In that same tweet, Trump also revealed that in a war, he wouldn’t spare Iran’s cultural treasures. They’d also be targeted, he warned. That’s forbidden. The U.S. is bound by a 1954 international treaty that calls for the protection of cultural property during wartime. Given a full day to think about the unlawful threat he’d just made, and perhaps to reconsider whether preserving invaluable artifacts might be worthy of a great nation, Trump went all in. “They’re allowed to kill our people,” he told reporters aboard Air Force One during a flight back to Washington from Palm Beach, Florida, on Sunday. “They’re allowed to torture and maim our people. They’re allowed to use roadside bombs and blow up our people. And we’re not allowed to touch their cultural site? It doesn’t work that way.”

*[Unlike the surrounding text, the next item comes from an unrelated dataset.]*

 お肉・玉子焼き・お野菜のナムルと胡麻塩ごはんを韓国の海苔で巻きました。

Two days later, facing opposition that stretched from the Pentagon to his own party’s leadership on Capitol Hill, Trump folded. “I like to obey the law,” he told reporters in the Oval Office on Tuesday. Kelly Magsamen, a national-security official in the George W. Bush and Obama administrations, told me that Trump’s interest in targeting Iranian cultural sites did not come from the Department of Defense. “Where is that coming from? Is that coming from a political adviser? From the latest person he spoke to at Mar-a-Lago?” she asked rhetorically. “I worked at the Pentagon. Any U.S. soldier—all the way down to a private, all the way up to four-star general—would know that’s violation of international law. And it’s un-American.”

I’ve spent the past several days trying to learn where the idea originated. One Trump-administration official told me that the news media were the ones who used the term cultural sites, not the president. I reminded this person that Trump had specifically used the term twice in two days. “Did he?” came the response.

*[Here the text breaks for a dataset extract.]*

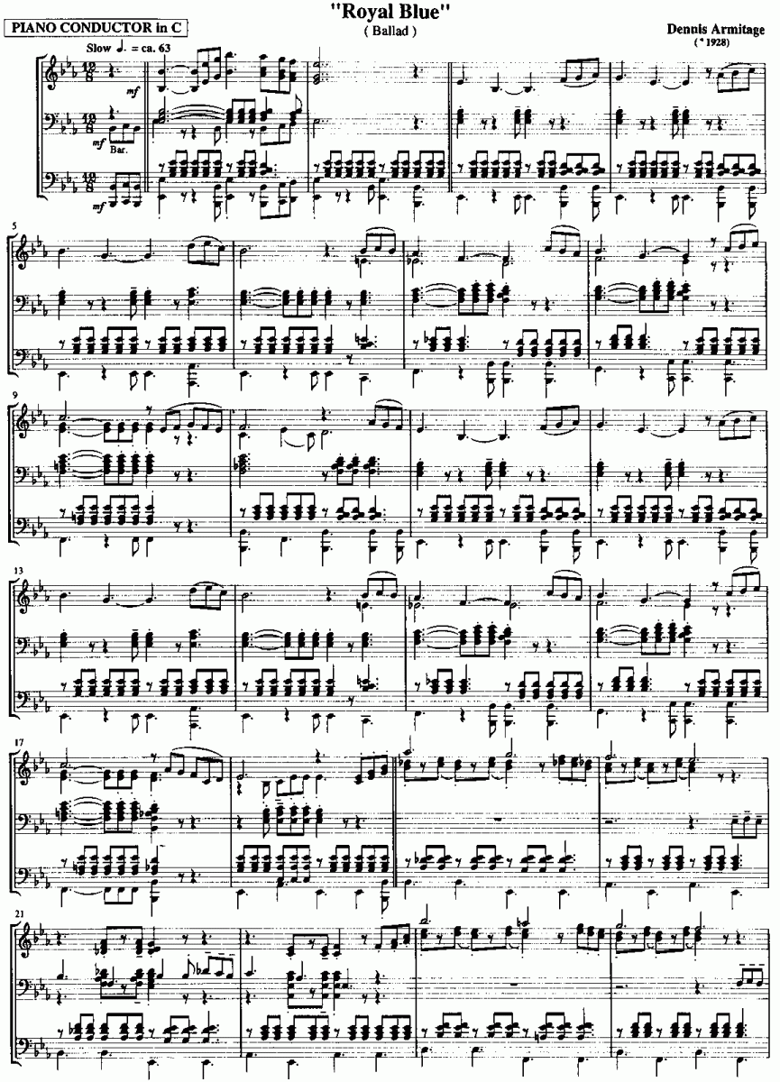 Royal Blue - click here Royal Blue (concert/wind band), Condensed Score and parts

I asked White House officials about another idea floated to me: whether Trump’s intention was more specific, to target political monuments; they did not confirm that it aligned with Trump’s intention.

I posed the cultural-sites question to Senator Lindsey Graham of South Carolina, a Trump confidant who was briefed in advance on the Soleimani drone strike during a golf trip with the president at Mar-a-Lago over the holidays. Graham told me that he didn’t know where Trump got the idea.“I understand it’s an emotional time and he wants to create maximum deterrence. In my view, this doesn’t create deterrence. The goal is to divide the Iranian people from the regime. They’re already divided. I wouldn’t want to do anything to unite them.”

A former White House official, who, after insisting that no one in the national-security establishment could possibly have advised the president to demolish, say, the ruins of Persepolis, told me: “I know the man well enough to know that’s something he dreamed up all by himself.”

If Barack Obama did x, Trump will do y

Listening to the president’s 10-minute address at the White House yesterday, a non-Iranian foe seemed to be on his mind: Barack Obama.

Since inauguration weekend 2017, a guiding principle of Trump’s White House has been, simply: If Obama did it, undo it. Trump devoted part of his speech yesterday to denouncing one of the signature foreign-policy moves of the Obama administration: a deal with Iran aimed at curbing the regime’s nuclear-weapons program. Trump pulled the U.S. out of the agreement in 2018, even though his own administration had deemed Iran to have complied with its terms.

In his remarks, Trump called the agreement “foolish” and “very defective,” and then gave a distorted account of its terms. He said, for example, that the Obama administration had “given” Iran $150 billion as part of the deal. In fact, the money came from Iran regaining its own assets, which had been frozen. Trump also claimed that the missiles fired by Iran were financed “with the funds made available by the last administration.” That baseless assertion implies that if Americans are killed by Iranian attacks, Obama has blood on his hands.

Having undermined Obama’s nuclear deal with Iran, Trump has yet to put forward a concrete plan to replace it. He opened his speech by declaring that Iran would never get a nuclear weapon on his watch. But negating Obama’s work isn’t a strategy to bring that about; it’s a tactic to tarnish his legacy.